**TASK BRIEF**
Set down exactly, from the records below, the line with "CylinderMeshso it reads" through the line with "как выглядит VINTAGE", and nothing else.

[[ DATA EXTRACT, beginning ]]

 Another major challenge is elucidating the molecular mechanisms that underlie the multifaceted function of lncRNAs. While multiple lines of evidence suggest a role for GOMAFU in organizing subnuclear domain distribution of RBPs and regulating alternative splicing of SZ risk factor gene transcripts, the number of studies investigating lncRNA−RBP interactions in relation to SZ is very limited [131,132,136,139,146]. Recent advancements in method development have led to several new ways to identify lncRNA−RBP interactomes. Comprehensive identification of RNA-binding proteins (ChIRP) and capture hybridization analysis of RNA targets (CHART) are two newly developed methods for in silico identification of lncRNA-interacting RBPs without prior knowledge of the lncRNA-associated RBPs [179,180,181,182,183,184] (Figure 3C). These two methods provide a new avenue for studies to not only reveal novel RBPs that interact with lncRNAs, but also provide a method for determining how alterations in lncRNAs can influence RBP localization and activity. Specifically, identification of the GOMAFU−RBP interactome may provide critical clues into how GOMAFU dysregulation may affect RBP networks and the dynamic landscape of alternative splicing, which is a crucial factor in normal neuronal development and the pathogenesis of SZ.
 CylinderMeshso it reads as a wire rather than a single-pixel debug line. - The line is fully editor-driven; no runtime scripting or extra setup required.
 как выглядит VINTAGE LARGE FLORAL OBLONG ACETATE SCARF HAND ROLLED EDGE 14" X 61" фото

[[ DATA EXTRACT, end ]]
[[ DATA EXTRACT, beginning ]]

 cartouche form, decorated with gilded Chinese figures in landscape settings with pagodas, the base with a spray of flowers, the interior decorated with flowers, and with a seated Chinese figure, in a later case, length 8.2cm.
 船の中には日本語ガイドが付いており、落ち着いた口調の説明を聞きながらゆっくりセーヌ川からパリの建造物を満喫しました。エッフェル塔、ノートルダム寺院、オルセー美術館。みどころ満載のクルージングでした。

[[ DATA EXTRACT, end ]]

**REPLY TO THE EXERCISE**
 CylinderMeshso it reads as a wire rather than a single-pixel debug line. - The line is fully editor-driven; no runtime scripting or extra setup required.
 как выглядит VINTAGE LARGE FLORAL OBLONG ACETATE SCARF HAND ROLLED EDGE 14" X 61" фото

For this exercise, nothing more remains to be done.